HoneyShield

Multi-service honeypot platform with machine learning anomaly detection,
MITRE ATT&CK mapping, and real-time threat intelligence dashboard

Developed by Saveliy Golubev as an independent cybersecurity research project

Overview

HoneyShield is an open-source network security research platform that deploys deceptive services (SSH, HTTP, FTP) to attract, capture, and analyse real-world cyber attacks. Every connection is logged, enriched with geolocation and threat intelligence metadata, scored by a machine learning anomaly detector, and mapped to the MITRE ATT&CK framework. Results are presented through a real-time web dashboard.

Key contribution: HoneyShield combines honeypot deception, unsupervised machine learning, and structured threat intelligence into a single lightweight system — filling the gap between heavyweight commercial platforms and minimal academic prototypes.

Screenshots

Main Dashboard

Attack Log

Threat Intelligence

Motivation

According to the Microsoft Digital Defense Report (2023), the internet faces over 4,000 password attacks per second. Understanding attacker tactics, techniques, and procedures (TTPs) is critical for building effective defences.

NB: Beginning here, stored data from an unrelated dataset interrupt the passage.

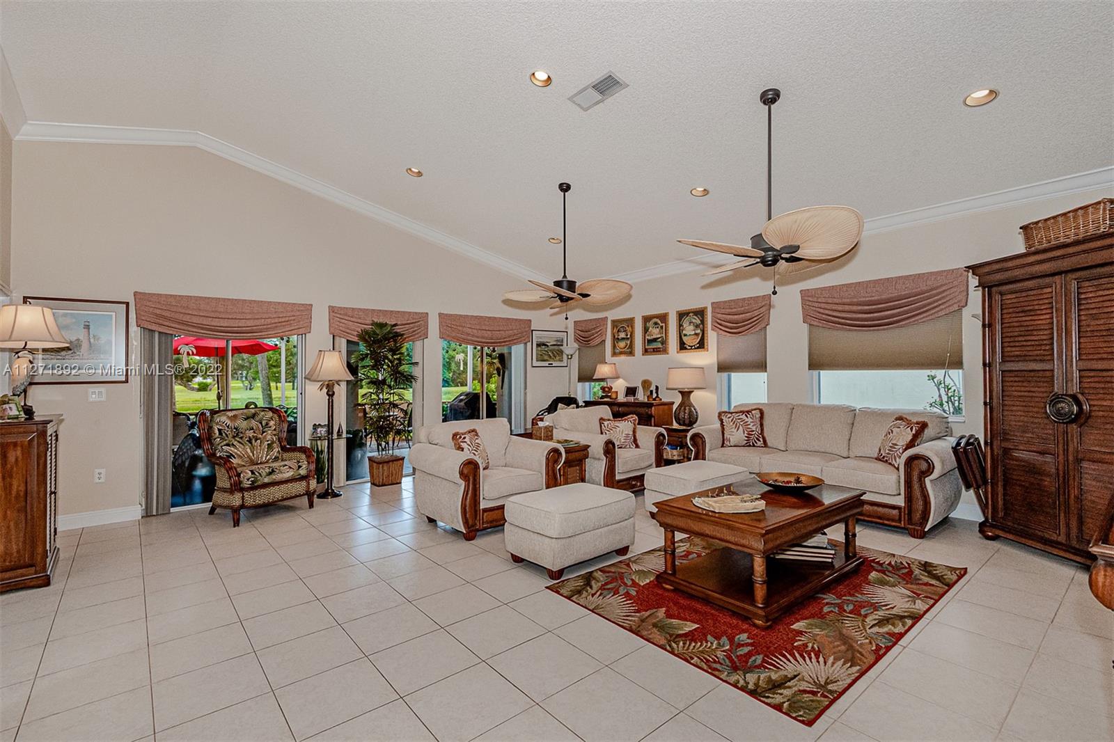 Magnificent home with lake and golf view in the private guarded Grand Palms Golf Course and Country Club. 2 bed and 2 bath converted from a 3/2 by the builder creating a great room living space with screen in patio. HOA includes 24 hour manned gate and roving patrol, landscape maintenance, tree trimming, sprinklers, house painting every 4 years, pressure cleaning of roof and sidewalks every six months, basic cable, ADT alarm monitoring, mailbox replacing every 4 years. New roof 2015, new A/C 2015, new water heather 2015, accordion shutters, installed plug-in hook up for external generator. New landscaping, new leaf filer gutters in rear and front, new pavers on screen patio. Golf cart and generator available for purchase.
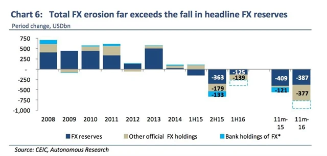 Analytička ze společnosti Autonomous Research Charlene Chuová ve své poznámce nazvané The War on Outflows upozorňuje na problém rychlého odlivu kapitálu ze země, který může mít na ekonomický růst Číny větší dopad než cokoli jiného. Připomíná zejména dva problémy:
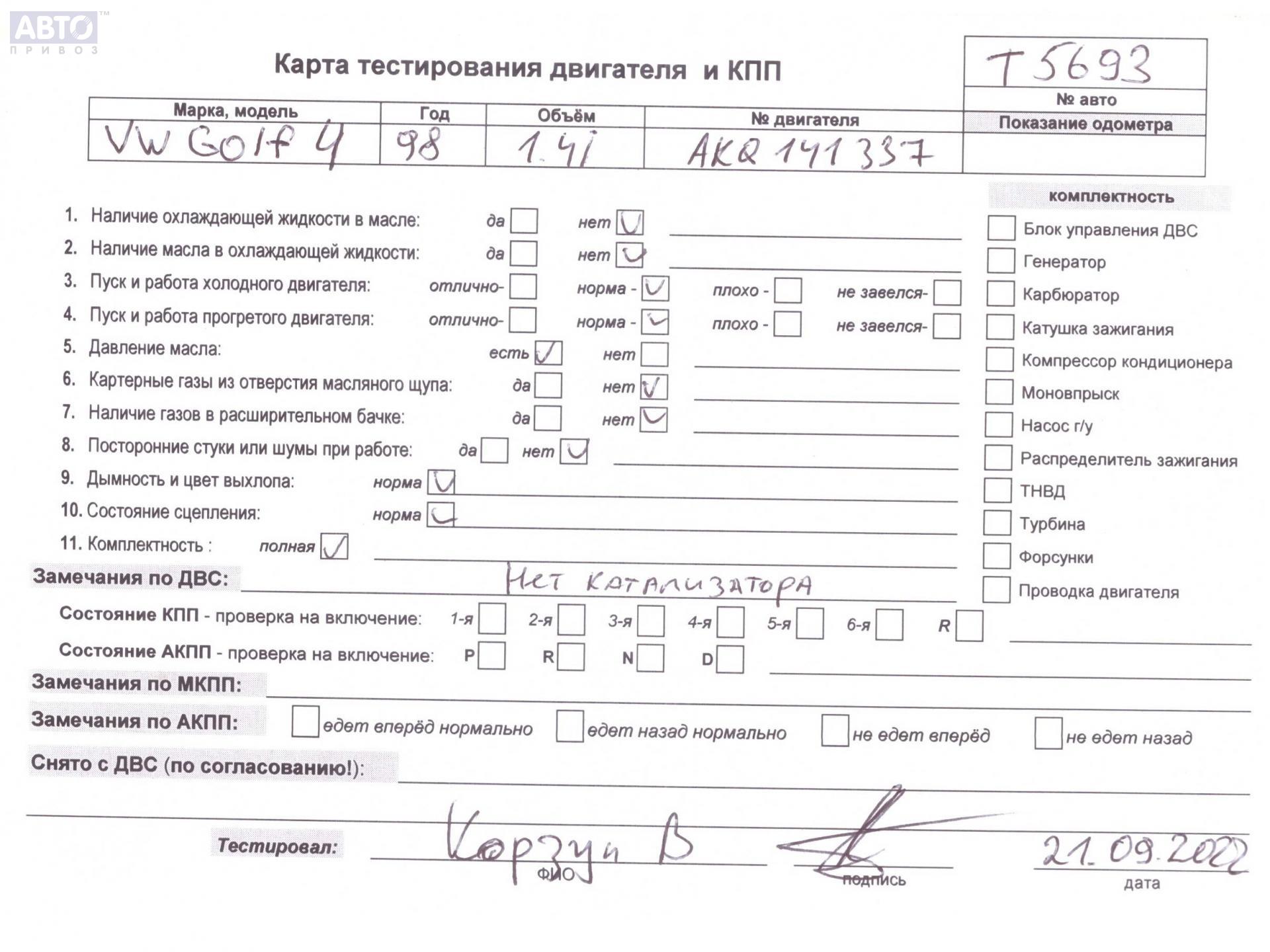 | Марка / Модель / Год: | Volkswagen Golf-4 1998 |
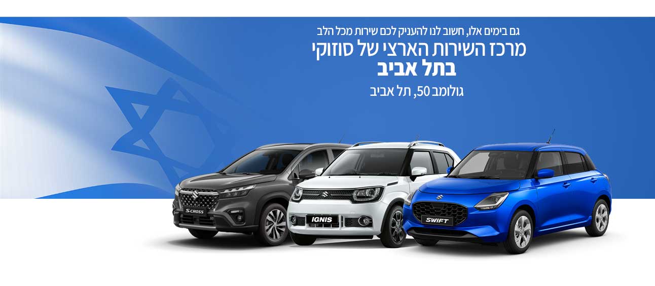 לקוח יקר, על מנת להעניק לך חווית שירות מקיפה וכוללת כלקוח פרימיום, אנו מזמינים אותך למרכז השירות הארצי שבתל אביב המשמש דוגמא ומופת למרכזי שירות בארץ ומרכז את מרבית הפעילות של רכבי סוזוקי באיזור תל אביב. צוות המרכז מונה 18 עובדים, העוברים מערך של הכשרות טכנולוגיות על מנת לעמוד בחזית הידע, ולהעניק ללקוחותינו את השירות המקצועי והטוב ביותר.

Honeypots address this by providing zero-false-positive monitoring: since decoy services have no legitimate users, every interaction is adversarial by definition. However, existing honeypot solutions either require complex infrastructure (T-Pot requires 16+ GB RAM) or lack analytical capabilities (Cowrie provides no dashboard, no ML, no threat mapping).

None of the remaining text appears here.